В свое время мы делали работу в связи со «Стратегией-2020», вот тогда я и боролся со всеми, утверждая, что нужно заниматься социальным неравенством, а не продвинутыми школами, потому что продвинутые школы сами о себе позаботятся: там успешные дети, родители и т. д. А потом мне говорят: «Ты читал статью Путина в "Комсомольской правде" про социальные вопросы?» (Он тогда шел на новый срок после Медведева.) Я говорю: "Нет, зачем я буду это читать?" Мне говорят: "Почитай, там твои слова". Оказалось, именно то, что я проповедовал про преодоление социального неравенства, в том числе внешкольную работу, попало в этот текст.
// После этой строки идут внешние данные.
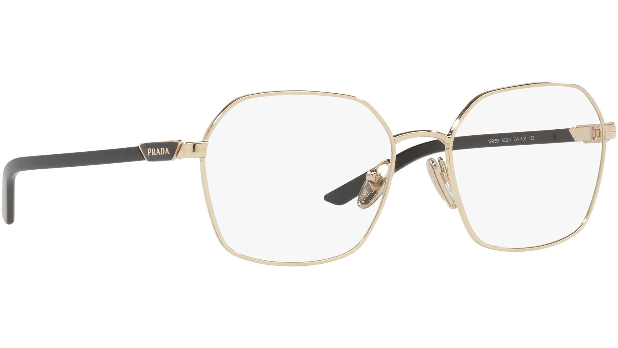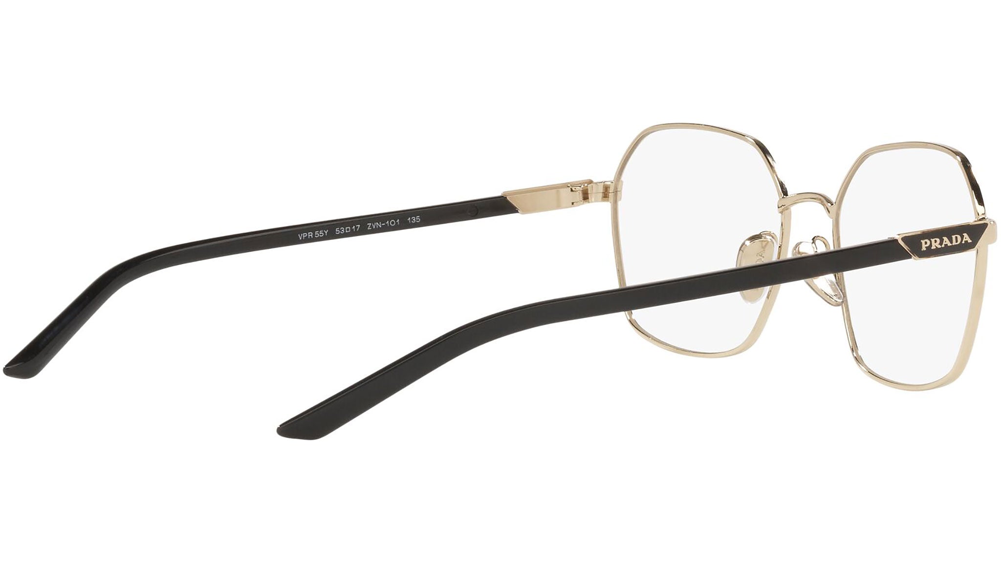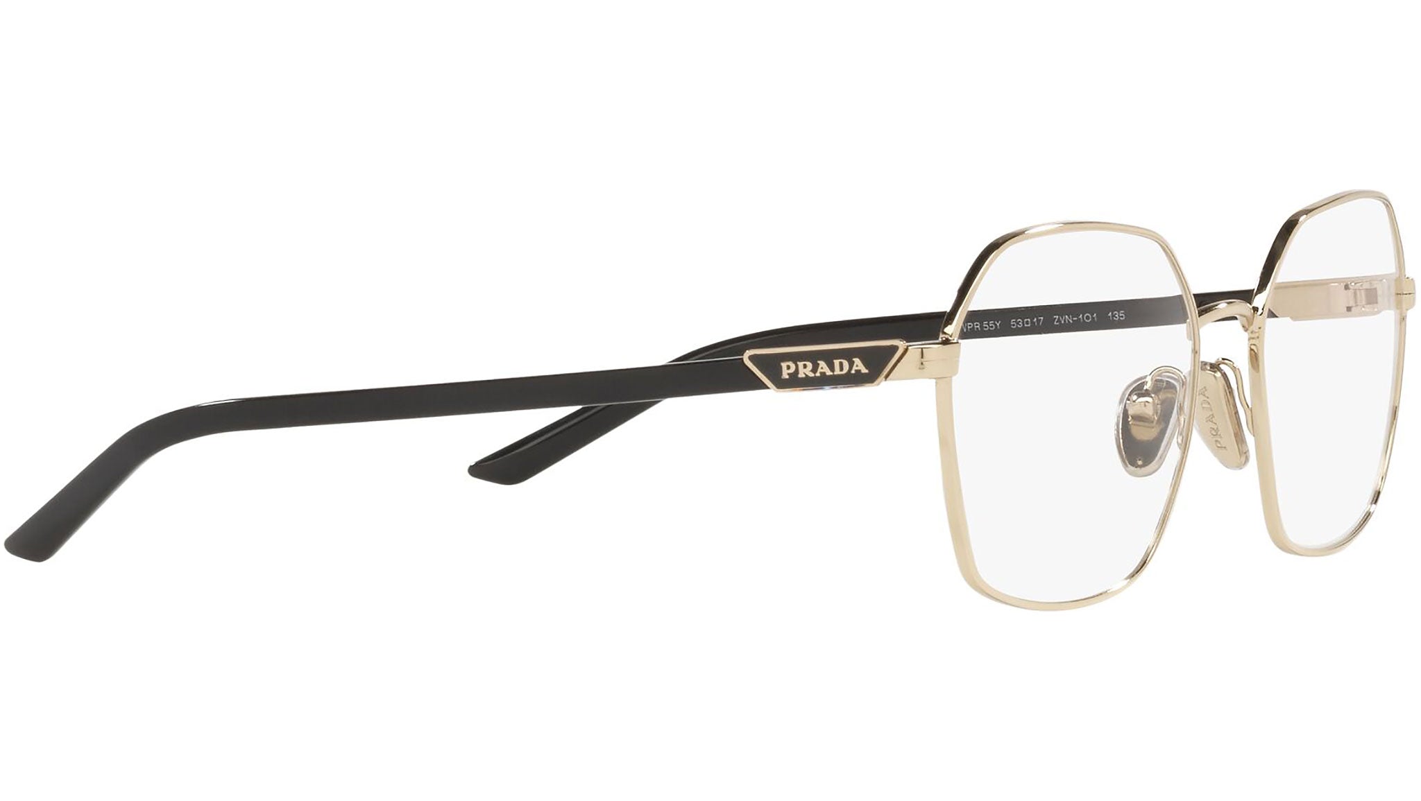 Occhiali da vista Prada modello PR 55YV variante colore oro pallido, codice colore ZVN1O1. Prada rappresenta il vertice della tradizione e della moda Italiana. È uno dei brand più innovativi, prestigiosi e più riconosciuti nel mondo del fashion e degli accessori di lusso, massima espressione della cura per i dettagli, emblema di stile, nella sua raffinata interpretazione dei nuovi trend della moda internazionale.
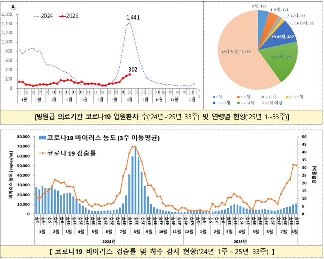 질병관리청에 따르면 2025년 33주차(8월 10~16일) 병원급 표본감시 의료기관의 코로나19 입원환자 수는 302명으로 집계됐다. 이는 26주차(6월 22~28일) 63명에서 7주 연속 늘어난 수치로, 한 달 새 두 배 이상 증가했다.
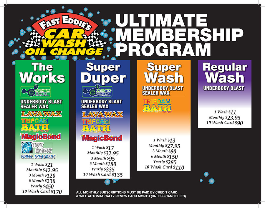 Our Ultimate Wash Program is an excellent option for the frequent washers and allows you to maintain the beauty of your vehicle stress-free. Membership is good at all of our 17 locations across the state. We offer different tiered memberships to fill all of your needs. We invite you to visit our local Fast Eddie’s today.
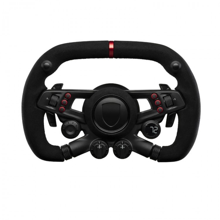 * The wheel has been carefully optimized for sim racing, with its comfortable 310 mm diameter, practical button layout, and tactile paddles and rotaries.
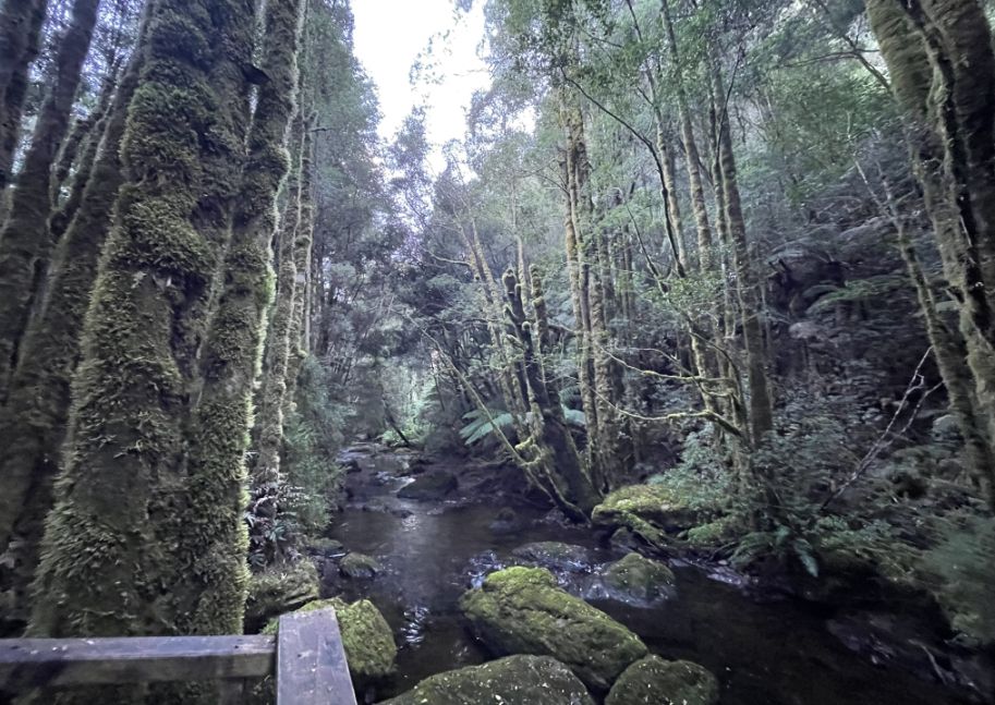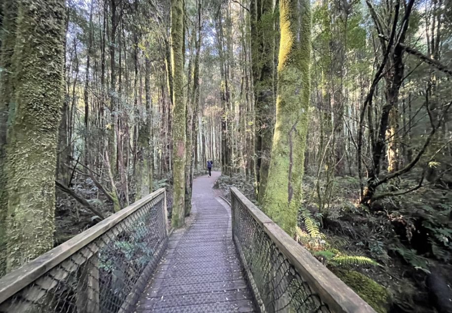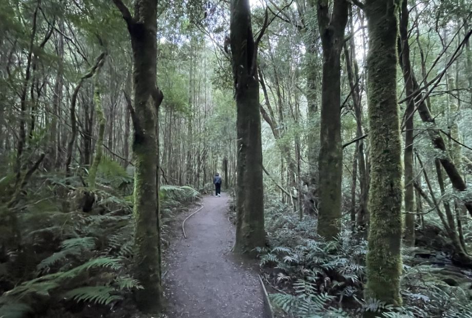 The pathway wound its way through tall myrtle beech trees, their trunks thickly covered in moss from base to branch. These ancient trees are characteristic of Tasmania’s cool temperate rainforests, thriving in the damp, shaded environment around Nelson Falls. Some sassafras and leatherwood trees also grow among them, adding variety to the dense forest canopy.

Мы тогда показали, например, что для детей из семей с высокими образовательными ресурсами наличие внешкольных занятий ничего не добавляет ни в самоощущении (что они думают о себе), ни в их оценках по сравнению с тем, что статистически ожидается от уровня образовательных ресурсов; а вот для детей из бедных, необразованных семей наличие любых кружков дает толчок, в том числе в самоощущении, то есть в уверенности в себе. Мы обнаружили смешной эффект вроде того, что где-то там, не помню, в каком-то городе было: мальчики, которые успешны в спорте, думают о себе и по всем предметам лучше, чем у них оценки. Потому что они в себе уверены.
Это вообще довольно важная особенность: люди должны быть в себе уверены для того, чтобы они были успешными. Потому что если люди в принципе в себе не уверены, — они и несчастные, и злые в результате этого. Вот это проблема российской жизни.
Разумеется, из того, что планировалось в этой статье, а потом в «майских указах», вообще ничего практически не было сделано. И в самих документах были ошибки, про которые мне люди, занимающиеся экономической образовательной статистикой, с ужасом говорили. Так напортачили при подготовке указа, что стало ясно: работать он не будет в принципе, не потому, что чиновники на местах что-то провалят.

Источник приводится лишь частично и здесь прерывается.